Contrasted with the biggest one, Hunger Games, I'd say the biggest difference is the depth of world-building. In Hunger Games a lot of time is spent establishing the characters and the world they inhabit. While the same is also present in Battle Royale, it's much narrower in scope, with most of the time being spent looking over the shoulders and into the minds of the various students. (Compared to Hunger Games, which - if I recall correctly - only had a single PoV character.)
The other comparison at hand would be to Orwell's 1984, which is often mentioned alongside Huxley's Brave New World. When I started reading Battle Royale, for some reason I expected something more along the lines of those two, so I've been surprised when it turned out so action-packed.
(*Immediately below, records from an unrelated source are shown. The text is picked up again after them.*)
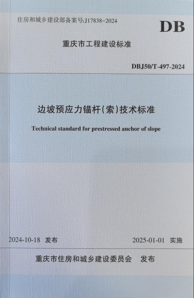 作為主編單位,在標準編制過程中,市建科院調(diào)查總結(jié)了近年來重慶市在邊坡預應力錨桿(索)設計、施工、檢測、監(jiān)測及質(zhì)量驗收的工程經(jīng)驗,參考了國內(nèi)有關(guān)技術(shù)標準,吸收了國內(nèi)外相關(guān)科技成果,開展了多項專題研究,并在重慶市范圍內(nèi)廣泛征求了有關(guān)單位的意見,經(jīng)反復討論、修改、充實,最后經(jīng)審查定稿。標準的正式施行,是對公司在邊坡預應力錨桿(索)方面技術(shù)實力的肯定,彰顯了公司在該領域中的技術(shù)引領地位,對提升邊坡預應力錨桿(索)技術(shù)水平影響力方面具有重要意義。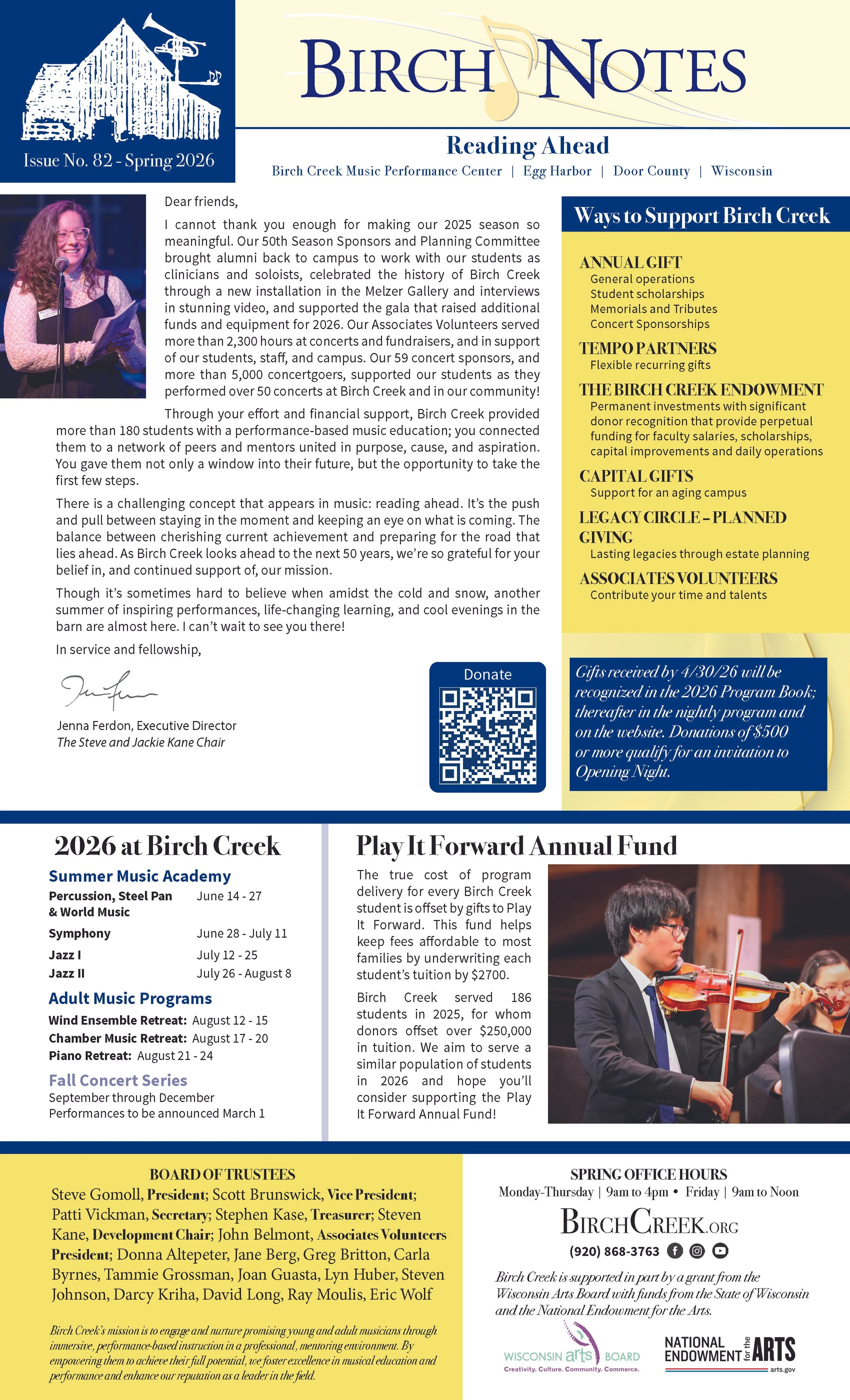Birch Notes is a biannual update on activities and news from the Birch Creek campus, with thanks and acknowledgement to our generous donors.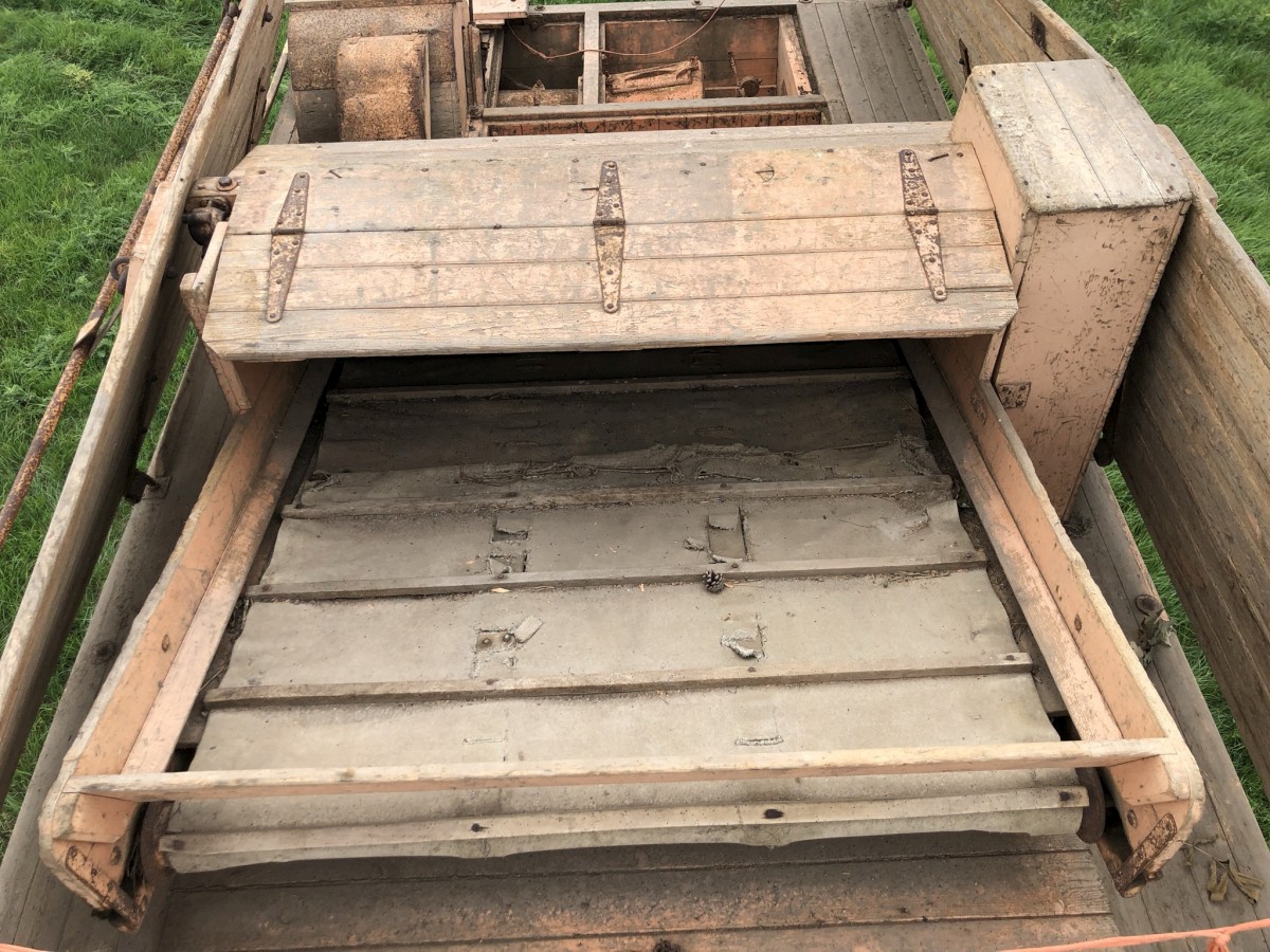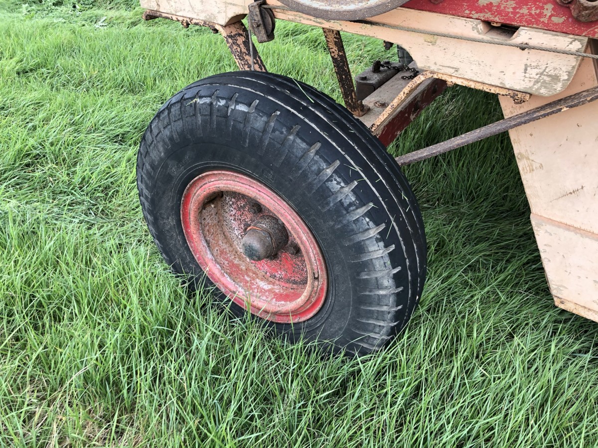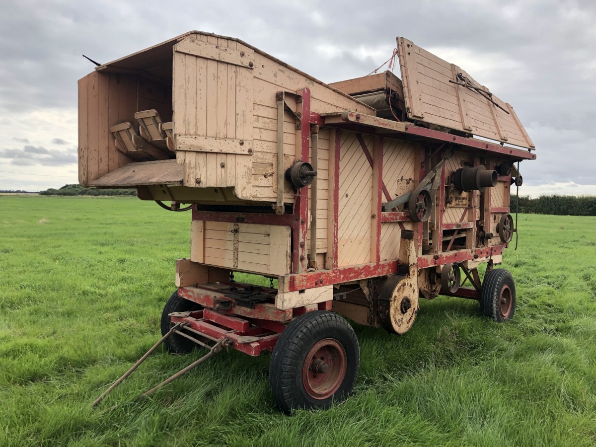 Foster Threshing Drum Printer-friendly versionFoster Threshing Drum Wooden framed Pneumatic wheels Self feed Very original tidy example

I definitely see strong similarities with 1984; it, too, depicts a successful totalitarian regime that keeps its citizens in check with brutal efficiency, even though the methods differ.
If 1984's ruling class uses the stick more than anything else, citizens of the Brave New World mostly get the carrot (and, of course, a metric ton of brainwashing). In this regard, Battle Royale falls somewhere in between - a ruthlessly efficient and cruel system, which also gives its citizens some leeway, to appease them and to make them reluctant to rebel. (But these topics are again less developed here than in 1984 or BNW.)
I'm giving it 5 stars, because I ended up liking it more than I expected. However, if you haven't read the Hunger Games trilogy yet, perhaps it would be better to start there. I think it's better tailored for the sensibilities of a modern YA reader.